(EXERCISE DESCRIPTION)
Every record below is to be repeated exactly, with the pictures left out.

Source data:
*** Block opens ***

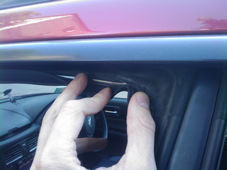 Нажмите для просмотра прикрепленного файлаА вот около зеркала заднего вида, этот ограничитель сразу бросится вам в глаза. Этакий выступ, приклееный к резинке японцами. Как будто с той же целью какую преследуем мы
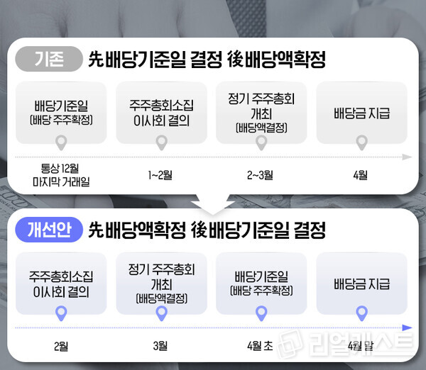 2024년부터는 투자자들이 주주총회에서 정한 배당금 규모를 확인한 후 기업의 투자 여부를 결정할 수 있게 됩니다.
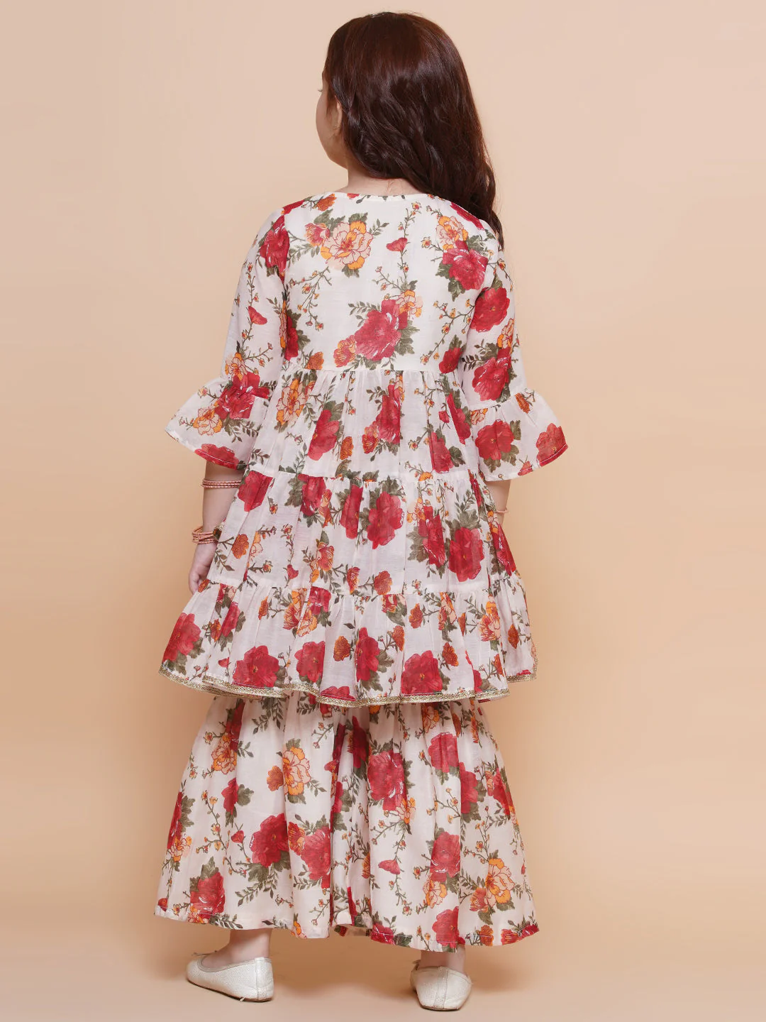 Off white & red Floral printed Angrakha style Kurta has a V-neck, three-quarter regular sleeves Calf length with flared hem with Elasticated waistband Sharara
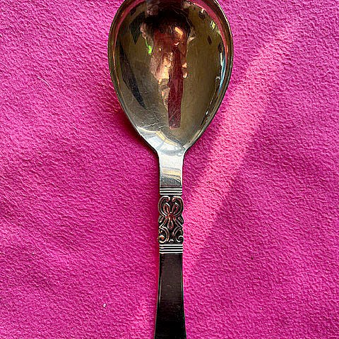 Robust serveringsske med fornem bladdekoration øverst på skaftet og en mindre matchende udsmykning før skeblad.
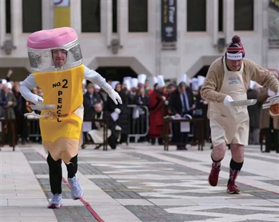 当地时间2月17日,身着各色夸张服饰的选手举着平底锅,奔跑着穿过伦敦市中心的一处广场,参加一年一度的煎饼赛跑。

*** Block closes ***

(REPLY)
 Нажмите для просмотра прикрепленного файлаА вот около зеркала заднего вида, этот ограничитель сразу бросится вам в глаза. Этакий выступ, приклееный к резинке японцами. Как будто с той же целью какую преследуем мы
 2024년부터는 투자자들이 주주총회에서 정한 배당금 규모를 확인한 후 기업의 투자 여부를 결정할 수 있게 됩니다.
 Off white & red Floral printed Angrakha style Kurta has a V-neck, three-quarter regular sleeves Calf length with flared hem with Elasticated waistband Sharara
 Robust serveringsske med fornem bladdekoration øverst på skaftet og en mindre matchende udsmykning før skeblad.
 当地时间2月17日,身着各色夸张服饰的选手举着平底锅,奔跑着穿过伦敦市中心的一处广场,参加一年一度的煎饼赛跑。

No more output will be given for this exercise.